◆ Work to complete
Only some lines are wanted. Transcribe, exactly, the lines below from the line with "Fire officials and" up to and including the line with "Northeast China (i.e., Liaoning".

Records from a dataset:
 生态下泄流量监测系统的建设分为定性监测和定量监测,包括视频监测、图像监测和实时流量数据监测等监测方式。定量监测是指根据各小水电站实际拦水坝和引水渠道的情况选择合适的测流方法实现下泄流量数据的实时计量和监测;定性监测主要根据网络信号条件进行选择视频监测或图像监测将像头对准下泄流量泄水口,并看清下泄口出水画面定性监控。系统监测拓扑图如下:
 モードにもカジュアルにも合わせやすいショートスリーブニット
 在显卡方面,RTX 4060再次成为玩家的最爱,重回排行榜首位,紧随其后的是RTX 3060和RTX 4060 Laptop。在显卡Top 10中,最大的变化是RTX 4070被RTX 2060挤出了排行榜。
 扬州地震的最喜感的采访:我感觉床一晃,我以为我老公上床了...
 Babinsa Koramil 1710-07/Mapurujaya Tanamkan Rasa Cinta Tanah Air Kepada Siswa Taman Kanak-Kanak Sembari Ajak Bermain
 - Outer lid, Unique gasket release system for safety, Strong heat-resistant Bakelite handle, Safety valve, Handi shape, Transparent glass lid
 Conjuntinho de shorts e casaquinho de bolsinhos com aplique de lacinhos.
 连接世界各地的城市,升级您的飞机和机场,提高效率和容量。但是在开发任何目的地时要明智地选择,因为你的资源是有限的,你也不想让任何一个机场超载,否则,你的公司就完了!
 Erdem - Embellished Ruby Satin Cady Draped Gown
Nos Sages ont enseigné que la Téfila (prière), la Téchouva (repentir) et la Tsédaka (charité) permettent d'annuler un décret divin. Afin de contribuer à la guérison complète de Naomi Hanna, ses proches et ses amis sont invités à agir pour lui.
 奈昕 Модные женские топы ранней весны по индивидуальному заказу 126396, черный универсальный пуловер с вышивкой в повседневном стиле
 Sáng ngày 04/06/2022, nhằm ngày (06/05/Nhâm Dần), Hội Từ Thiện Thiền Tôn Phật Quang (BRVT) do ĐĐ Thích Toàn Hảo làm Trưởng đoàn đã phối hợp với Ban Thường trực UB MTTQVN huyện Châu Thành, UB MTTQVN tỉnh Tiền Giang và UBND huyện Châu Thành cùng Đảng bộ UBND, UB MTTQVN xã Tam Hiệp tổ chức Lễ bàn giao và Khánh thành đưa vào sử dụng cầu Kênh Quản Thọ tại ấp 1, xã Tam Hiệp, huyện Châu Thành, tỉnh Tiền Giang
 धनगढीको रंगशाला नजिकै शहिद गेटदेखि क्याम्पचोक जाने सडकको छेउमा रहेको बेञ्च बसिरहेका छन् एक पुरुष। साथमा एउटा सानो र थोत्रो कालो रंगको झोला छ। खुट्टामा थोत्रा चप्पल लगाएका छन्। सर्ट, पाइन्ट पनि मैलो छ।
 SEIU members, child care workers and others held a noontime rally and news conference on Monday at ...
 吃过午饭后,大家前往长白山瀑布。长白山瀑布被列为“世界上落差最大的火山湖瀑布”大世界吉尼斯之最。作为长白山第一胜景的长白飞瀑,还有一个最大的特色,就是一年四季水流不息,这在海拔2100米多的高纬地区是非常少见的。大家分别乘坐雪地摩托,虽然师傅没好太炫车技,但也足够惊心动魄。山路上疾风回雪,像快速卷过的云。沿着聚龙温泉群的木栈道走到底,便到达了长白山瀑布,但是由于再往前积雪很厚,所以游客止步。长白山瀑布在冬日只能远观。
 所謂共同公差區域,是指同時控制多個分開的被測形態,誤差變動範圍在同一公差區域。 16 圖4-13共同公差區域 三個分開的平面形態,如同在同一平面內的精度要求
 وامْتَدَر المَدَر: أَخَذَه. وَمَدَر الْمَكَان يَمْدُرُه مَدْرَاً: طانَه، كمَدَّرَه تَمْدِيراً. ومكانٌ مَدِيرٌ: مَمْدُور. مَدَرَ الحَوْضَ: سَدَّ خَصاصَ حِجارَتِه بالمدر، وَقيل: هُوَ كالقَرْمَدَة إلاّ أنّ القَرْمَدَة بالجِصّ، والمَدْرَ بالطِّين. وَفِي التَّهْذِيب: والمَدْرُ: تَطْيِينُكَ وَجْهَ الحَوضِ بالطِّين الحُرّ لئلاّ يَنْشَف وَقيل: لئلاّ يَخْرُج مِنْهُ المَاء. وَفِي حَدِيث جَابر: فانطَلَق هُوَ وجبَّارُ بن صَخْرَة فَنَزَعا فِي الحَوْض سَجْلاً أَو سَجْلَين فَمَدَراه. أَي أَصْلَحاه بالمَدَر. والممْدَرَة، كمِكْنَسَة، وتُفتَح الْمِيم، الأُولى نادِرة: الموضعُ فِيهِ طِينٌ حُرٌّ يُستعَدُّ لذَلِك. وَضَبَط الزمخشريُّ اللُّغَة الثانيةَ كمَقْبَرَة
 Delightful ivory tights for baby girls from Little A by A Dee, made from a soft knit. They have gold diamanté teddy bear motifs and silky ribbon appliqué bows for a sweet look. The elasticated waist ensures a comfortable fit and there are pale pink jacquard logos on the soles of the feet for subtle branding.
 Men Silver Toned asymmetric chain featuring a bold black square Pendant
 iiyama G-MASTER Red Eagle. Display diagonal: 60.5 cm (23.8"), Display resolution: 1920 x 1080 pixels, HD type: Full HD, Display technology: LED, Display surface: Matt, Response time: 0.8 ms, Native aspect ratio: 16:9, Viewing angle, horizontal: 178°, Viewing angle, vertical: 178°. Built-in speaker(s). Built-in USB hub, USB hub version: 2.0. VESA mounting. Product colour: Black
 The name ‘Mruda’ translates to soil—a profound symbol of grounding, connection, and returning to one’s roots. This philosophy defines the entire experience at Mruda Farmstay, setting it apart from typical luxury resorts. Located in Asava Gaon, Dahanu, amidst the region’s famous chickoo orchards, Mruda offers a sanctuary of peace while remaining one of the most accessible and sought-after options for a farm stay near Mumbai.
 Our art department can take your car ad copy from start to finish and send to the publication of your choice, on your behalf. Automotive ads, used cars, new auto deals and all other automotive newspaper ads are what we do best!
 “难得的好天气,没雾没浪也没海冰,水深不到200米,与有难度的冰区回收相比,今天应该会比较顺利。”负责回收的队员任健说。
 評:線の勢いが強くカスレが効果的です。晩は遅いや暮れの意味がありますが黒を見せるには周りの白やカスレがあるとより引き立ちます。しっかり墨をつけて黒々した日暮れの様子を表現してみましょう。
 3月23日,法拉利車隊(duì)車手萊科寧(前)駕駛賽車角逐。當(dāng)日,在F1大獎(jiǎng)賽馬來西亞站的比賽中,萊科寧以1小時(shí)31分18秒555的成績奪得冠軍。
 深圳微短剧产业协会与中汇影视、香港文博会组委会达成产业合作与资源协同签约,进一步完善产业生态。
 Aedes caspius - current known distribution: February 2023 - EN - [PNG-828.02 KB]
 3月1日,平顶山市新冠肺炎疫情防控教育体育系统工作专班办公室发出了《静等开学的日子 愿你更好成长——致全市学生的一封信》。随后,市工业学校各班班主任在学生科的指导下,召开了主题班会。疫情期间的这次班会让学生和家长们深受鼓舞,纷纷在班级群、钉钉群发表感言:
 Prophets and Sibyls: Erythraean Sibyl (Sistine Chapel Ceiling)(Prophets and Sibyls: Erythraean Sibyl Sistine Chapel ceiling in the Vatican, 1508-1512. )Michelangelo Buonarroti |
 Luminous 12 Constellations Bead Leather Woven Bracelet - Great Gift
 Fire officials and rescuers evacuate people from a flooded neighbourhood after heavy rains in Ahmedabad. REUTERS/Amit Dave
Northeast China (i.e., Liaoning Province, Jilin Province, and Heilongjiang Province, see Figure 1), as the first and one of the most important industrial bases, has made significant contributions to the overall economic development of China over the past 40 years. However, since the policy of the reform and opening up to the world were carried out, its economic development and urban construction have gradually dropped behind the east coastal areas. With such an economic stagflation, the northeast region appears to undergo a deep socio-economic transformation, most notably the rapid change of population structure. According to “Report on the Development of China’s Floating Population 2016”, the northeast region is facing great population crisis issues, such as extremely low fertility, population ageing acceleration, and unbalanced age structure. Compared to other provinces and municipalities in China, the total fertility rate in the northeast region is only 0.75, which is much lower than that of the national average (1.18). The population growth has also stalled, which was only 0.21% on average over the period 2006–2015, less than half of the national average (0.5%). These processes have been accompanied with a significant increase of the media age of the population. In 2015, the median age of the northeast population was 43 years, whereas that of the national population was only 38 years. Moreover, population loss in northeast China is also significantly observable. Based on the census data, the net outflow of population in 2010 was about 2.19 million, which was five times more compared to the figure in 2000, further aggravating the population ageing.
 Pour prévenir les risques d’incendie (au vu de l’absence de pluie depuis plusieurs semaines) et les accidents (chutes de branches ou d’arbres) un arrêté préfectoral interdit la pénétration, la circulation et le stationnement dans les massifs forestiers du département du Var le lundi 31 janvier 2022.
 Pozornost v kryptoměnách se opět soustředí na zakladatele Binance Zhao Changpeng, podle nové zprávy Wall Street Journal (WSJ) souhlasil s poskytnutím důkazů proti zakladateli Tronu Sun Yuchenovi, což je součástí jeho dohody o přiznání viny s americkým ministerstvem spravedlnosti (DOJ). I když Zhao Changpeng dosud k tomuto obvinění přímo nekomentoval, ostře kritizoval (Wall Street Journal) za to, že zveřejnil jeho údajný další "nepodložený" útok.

◆ Answer box
 Fire officials and rescuers evacuate people from a flooded neighbourhood after heavy rains in Ahmedabad. REUTERS/Amit Dave
Northeast China (i.e., Liaoning Province, Jilin Province, and Heilongjiang Province, see Figure 1), as the first and one of the most important industrial bases, has made significant contributions to the overall economic development of China over the past 40 years. However, since the policy of the reform and opening up to the world were carried out, its economic development and urban construction have gradually dropped behind the east coastal areas. With such an economic stagflation, the northeast region appears to undergo a deep socio-economic transformation, most notably the rapid change of population structure. According to “Report on the Development of China’s Floating Population 2016”, the northeast region is facing great population crisis issues, such as extremely low fertility, population ageing acceleration, and unbalanced age structure. Compared to other provinces and municipalities in China, the total fertility rate in the northeast region is only 0.75, which is much lower than that of the national average (1.18). The population growth has also stalled, which was only 0.21% on average over the period 2006–2015, less than half of the national average (0.5%). These processes have been accompanied with a significant increase of the media age of the population. In 2015, the median age of the northeast population was 43 years, whereas that of the national population was only 38 years. Moreover, population loss in northeast China is also significantly observable. Based on the census data, the net outflow of population in 2010 was about 2.19 million, which was five times more compared to the figure in 2000, further aggravating the population ageing.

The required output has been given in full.